CORAZA
Por Diego
Arandojo
La fiebre lo mataba.
Año 1899.
Buenos Aires era un pecado
que masticaban los europeos llegados a tierras plateadas.
El simio del zoológico y el
gobernante de turno hacían las mismas muecas, pero en distintos ámbitos.
En el llamado “interior”
del país, caudillos rezagados y gauchos esclavos lustraban espejos. Espejos que
serían vendidos al mejor postor.
La fiebre lo retorcía en un
catre, el verano relucía su espectáculo de muerte en cada gota de sudor.
“Alfredo vendrá” se repetía
el moribundo.
“Alfredo es un gran amigo”
balbuceaba. Como si fuera una oración. Una plegaria.
En el otro extremo de la
habitación estaba su esposa, Margarita Ruiz de la Puerta. Española.
Gorda. Excesivamente repugnante.
“Olvídate. Alfredo no
regresará” apuntaba la mujer.
Se odiaban.
Llovía de pronto. Pero
había sol. Fuerte luminancia, que aumentaba la fiebre.

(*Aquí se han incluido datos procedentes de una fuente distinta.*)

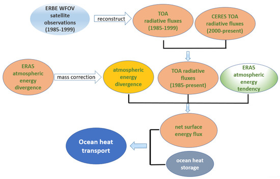 where FO is the energy entering the ocean, and the difference between FS and Fice (FO = FS − Fice). Fice is the energy from sea ice formation and melting, estimated from five ensemble members of ECMWF’s ORAS5 ocean reanalysis [18]. The ocean heat content tendency (OHCT) is calculated from the ocean heat content (OHC) using central differences (e.g., the OHCT in July is the difference of OHCs between August and June and divided by the time difference). Liu et al. [7] calculated the OHCT using the OHC integrated over 0–2000 m. The result shows good agreement in both variability and absolute value with the global mean FS and is therefore used in this study. The flowchart of data retrieval is displayed in Figure 1.
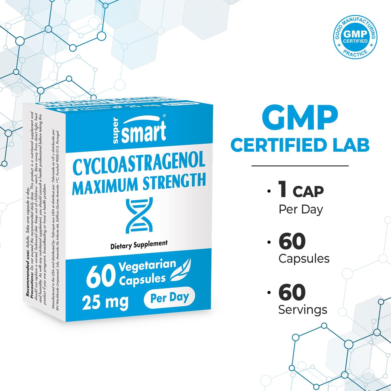 About this item CYCLOASTRAGENOL SUPPLEMENT - Cycloastragenol is a cutting-edge telomere supplement that harnesses the power of this natural compound extracted from the Astragalus membranaceus plant. 98% PURITY - Our Cycloastragenol Maximum Strength formula delivers a potent 20mg of 98% pure cycloastragenol per capsule. NON-GMO, GLUTEN FREE, SOY FREE, VEGAN - Supersmart offers you an outstanding quality and choice of supplements for women and men, difficult to find elsewhere. Recommended Use - Take 1 capsule a day. Each capsule contains 25mg cycloastragenol. Contains Cycloastragenol | Other ingredients: acacia gum, white rice flour. 100% Satisfaction - Since 1992, Supersmart wants you to be fully satisfied. Ping us 24/7 regarding any questions you may have. See more product details,CYCLOASTRAGENOL SUPPLEMENT - Cycloastragenol is a cutting-edge telomere supplement that harnesses the power of this natural compound extracted from the Astragalus membranaceus plant,98% PURITY - Our Cycloastragenol Maximum Strength formula delivers a potent 20mg of 98% pure cycloastragenol per capsule,NON-GMO, GLUTEN FREE, SOY FREE, VEGAN - Supersmart offers you an outstanding quality and choice of supplements for women and men, difficult to find elsewhere,Recommended Use - Take 1 capsule a day. Each capsule contains 25mg cycloastragenol. Contains Cycloastragenol | Other ingredients: acacia gum, white rice flour,100% Satisfaction - Since 1992, Supersmart wants you to be fully satisfied. Ping us 24/7 regarding any questions you may have
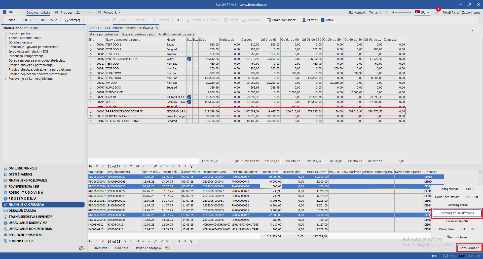 U meniju Baza virmana uvedena je nova opcija Formiraj za selektovne. Pokretanjem ove opcije omogućeno je formiranje i štampa grupnog virmana na osnovu više selektovanih računa pomoću standardne kombinacije tastera Shift+levi klik, odnosno CTRL+levi klik:
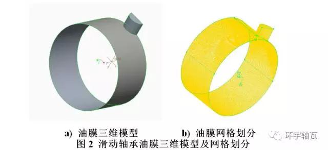 據(jù)上相關(guān)尺寸參數(shù),于Proe中繪制滑動(dòng)軸承油膜計(jì)算模型,考慮到軸承以及油膜潤(rùn)滑的對(duì)稱性,為縮減計(jì)算時(shí)間,模型僅繪制一半,如圖2a所示。
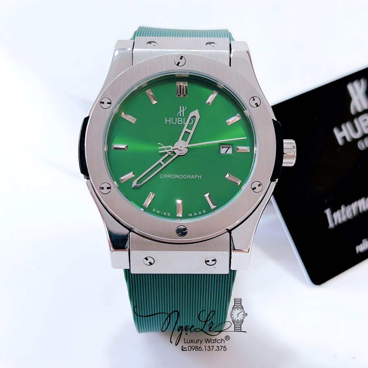 Đồng Hồ Hublot Classic Fusion Nam Máy Pin Dây Silicon Xanh Lá Vỏ Thép Silver 42mm
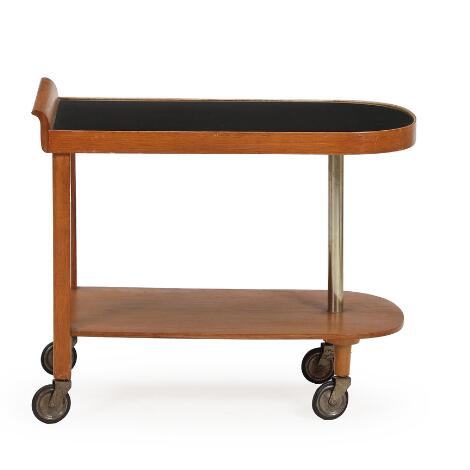 Danish furniture design: An Art Deco serving trolley of oak mounted on castors. Top of black glass. H. 60 cm. L. 74 cm. B. 42 cm.
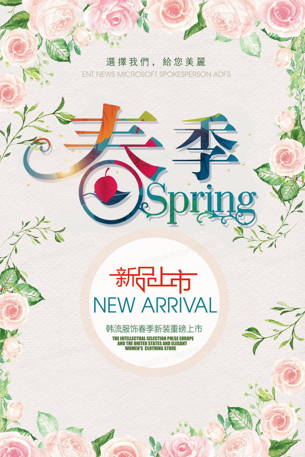 本作品内容为春季服装新品上市背景素材, 格式为 psd, 图片尺寸为2362 x 3543, 作品中背景图片无需修改, 源文件无水印,可以直接使用, 欢迎使用熊猫办公。 如认为平台内容涉嫌侵权,可通过邮件:tousu@tukuppt.com提出书面通知,我们将及时处理。
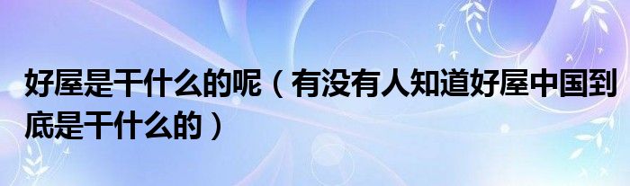 好屋是干什么的呢(有沒有人知道好屋中國到底是干什么的)

“Alfredo… ¿Cuánto falta?” inquiría el hombre a punto de ahogarse en sus
líquidos sudorosos.
Preguntas infames. O en su justo lugar.
La puerta se abrió. Las
últimas miradas del hombre (y de su rolliza esposa) se dirigieron hacia el
umbral. Una sombra ingresó en el rancho.
Se quitó el sombrero. Se
inclinó; era de buenos modales, ataviado como “gringo”.
“Alfredo para servirle”
dijo el recién llegado, en un tono de inglés semicastellanizado.
La gorda gritó. No podía
creerlo. Allí estaba. Alfred Ross. Antropólogo llegado desde tierras norteñas.
La fiebre no cedió ante
semejante presencia.
“Gracias, esto es para ti”
dijo el hombre y le entregó una alforja.
La muerte finalmente
aplastó su Espíritu. Alfred Ross se lamentó. Incluso en sus ojos había
lágrimas. La gorda gritaba sin parar. ¿Estaba lamentando la pérdida de su
marido, o la pérdida de la apuesta?
Ross encontró dentro de la
alforja un crucifijo invertido. Había una cifra escrita: “21 de diciembre del
año de Nuestro Señor 2012”.
Ante este dato, el rostro
del antropólogo se ensombreció. Guardó el crucifijo dentro de su poncho sucio,
se calzó el sombrero y se retiró silenciosamente.
A medida que se alejaba a
caballo de aquel rancho macilento, los gritos de la viuda se mezclaron con los
graznidos de aves oscuras.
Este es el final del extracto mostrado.